The timing was ideal. The hospital had been making enhancements to its Fetal Center, in which early fetal diagnostics were being conducted as well as in utero surgeries. In Daskevich’s mind, the leap from taking care of mothers to taking care of women in general is a simple one.

“It absolutely makes sense for us,” she says. “Our vision and our mission is to improve neonatal outcomes and the long-term health of our children. And the way you do that is to begin taking care of women, even before they decide to become mothers.”

Plans soon fell into place for a new women’s hospital where all of the services already offered by Texas Children’s, as well as those acquired by taking on St. Luke’s obstetrics business, could reside under one roof.

 

Discovering the muse
FKP Architects and general contractor WS Bellows Construction, both of Houston, were brought on board, and the Texas Children’s team began developing the project’s guiding principles.

An outside marketing research consultant was hired to conduct interviews with local obstetricians and gynecologists, mothers who had recently delivered children in the Texas Medical Center, as well as nursing staff and leadership, to begin putting together the elements of the ideal patient experience. 

Once market surveys were completed, the team was in place, and the compiled data was used to educate team members and develop design goals, Texas Children’s next conducted a benchmarking exercise to assess similar facilities across the country. The team did phone interviews and made site visits to gauge not only what was working, but where the overall patient experience could be improved.

At the same time, at home, a women’s advisory council was established. “There were 14 women who were involved in this project for four years. They’re all of child-bearing age, and many have been having second or third children during this project,” Daskevich says.

The group was used to provide insight regarding all stages of their journey through pregnancy and birth, as well as to garner feedback from their husbands and other family members.
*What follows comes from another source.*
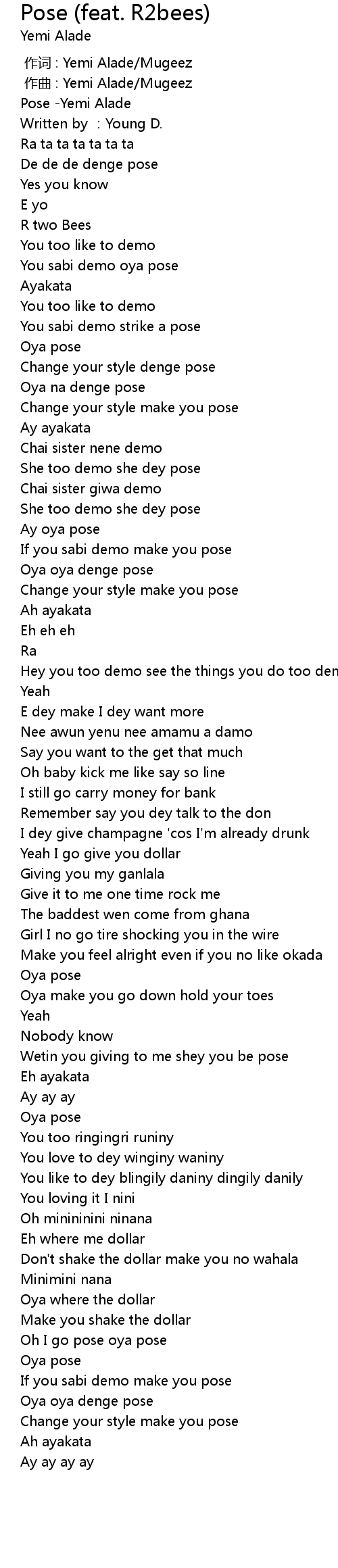 | [00:00.000] | 作词 : Yemi Alade/Mugeez |

“Putting all of those pieces together offered FKP some really defined expectations and needs of the institution,” says Jill Pearsall, director of facilities, planning and development, Texas Children’s Hospital.

 

Setting the stage
When designing the new Pavilion for Women, FKP was charged with creating a comprehensive building where inpatient services, outpatient services, diagnostics, administrative services, food options, retail, private physicians’ offices, faculty offices, and parking could be supported, all on the extremely dense Texas Medical Center campus.

The result is a 15-story, 1.3 million-square-foot maternity hospital and parking garage, with a two-story curved bridge connecting the third and fourth floors of the Pavilion for Women with the existing Texas Children’s pediatric care facilities.